Холодная тошнота (будто меня уже не доцентрифугировали до тошноты!) подступила к горлу: ощущение, что история переместилась, будто стекляшки в калейдоскопе, и не за что уцепиться. Видите ли, я уже убедился, что мой отец, который учил меня всему, был слабоват в современной географии и истории Терры, оставаясь великим знатоком исторических драм и общих теорий. Он махал рукой на затрепанную гармошку "Заката Европы" Шпенглера, парящую у нашего стеллажа, а затем на Терру за выгнутой стенкой Мешка, неописуемо великолепную на фоне звезд, и говорил: "Они там все феллахи, Кристофер, все до единого. Феллахи, вьющиеся, как ночные бабочки, над дотлевающими углями культуры. О, как медленно одно завтра сменяет следующее завтра в этом убогом течении дней!" (Но что такое "ночные бабочки"?) Живописные и льстящие самолюбию обобщения, особенно для того, кто обитает в четверти миллиона миль от Земли, но, бесспорно, уязвимые в частностях.
И вот теперь я узнаю, насколько уязвимые.
Я с тревогой посмотрел на Эльмо, а Дородный Великан тем временем продолжал:
— И, боюсь, Черепуша, что янко-русские офицеры "Циолковского" тоже слабоваты в политической географии, ибо приземлили они тебя здесь, на две тысячи миль южнее Амарильо-Кучильо. Черепуша, друг мой, ты имеешь честь быть в Далласе, в сердце человеческой вселенной, в золотом венце ее культуры.
— Техас включает Канаду? — спросил я дрожащим басом. — Он независимая страна?

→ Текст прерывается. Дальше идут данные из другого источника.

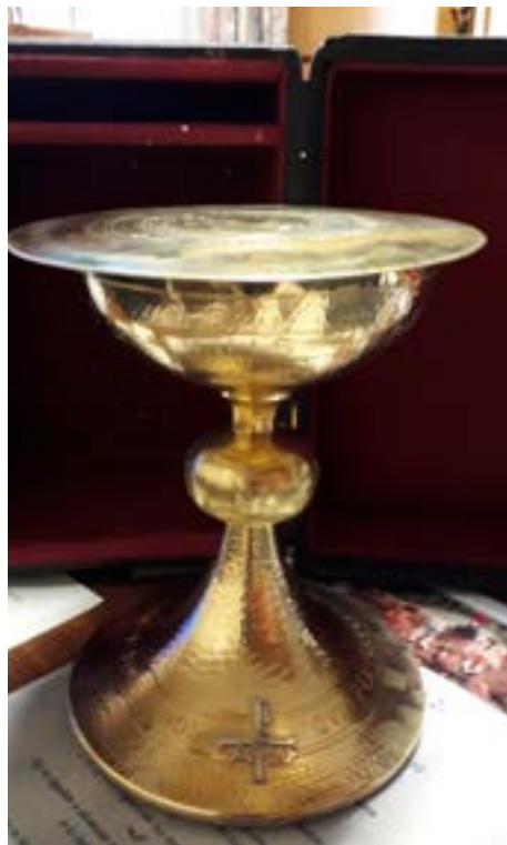
Caliz y patena estilo clásico

— Черепуша, мне тяжко бросать хоть малейшую тень на чье-то образование, — ведь среди беженцев из Нью-Йоркского университета и из Беркли были прославленные головы, — но все же мне кажется, ваши небесные наставники показали себя не слишком компетентными в географии и, может быть, — опять-таки у меня нет намерения кого-либо обидеть — слишком уж откровенными в своих черных или славянских пристрастиях. Черепуша, сынок, со времен Великой индустриальной миграции в Техас и третьей мировой войны он простирается от Никарагуанского канала до Северного полюса, включая почти всю Центральную Америку, всю Мексику, почти всю Канаду, а также все, что чего-то стоило в Трили-Брили-Сорок-Семь — я имею в виду бывшие Соединенные Североамериканские Штаты. В любую минуту нам, техасцам, может приспичить раздвинуть наши границы. Куба только и ждет, чтобы ее вновь завоевали. И Индокитай, и Ирландия, и Гавайи, и Внутренняя Сибирь. Впрочем, мы, техасцы, народ мирный, терпимый — стреляй сам и дай стрелять другим. Мы заставили чероки поджать хвосты, а с ними и мексиканцев, скрутили русских и китайцев, а теперь склонны почивать на лаврах. Если нас, конечно, не рассердят, а уж тогда мы энергией побьем автоматический хлопкоуборочный комбайн, по ошибке запрограммированный на исполнение ирландской джиги.
— Что же до независимости, Черепуша, сынок ты мой, — продолжал он, — так во всех анналах политологии, позволь тебе сказать, не сыскать другой такой до чертиков независимой нации! Никто, кроме кое-каких мудрых древних эллинов, даже понятия не имел, что такое индивидуальная свобода, пока не явился Техас. Но в любом случае, Черепуша, добро пожаловать в Техас, добро пожаловать на Божью планету! Добро пожаловать к нам сюда, amigo[2] из необъятных космических просторов, хотя, Черепуша, по части истинно функциональных просторов Техас запросто побьет всю дурацкую вселенную невесомости, галактик и прочей ерунды. А потому, во имя Линдона, малый, восстань из этой кучи и давай лапу!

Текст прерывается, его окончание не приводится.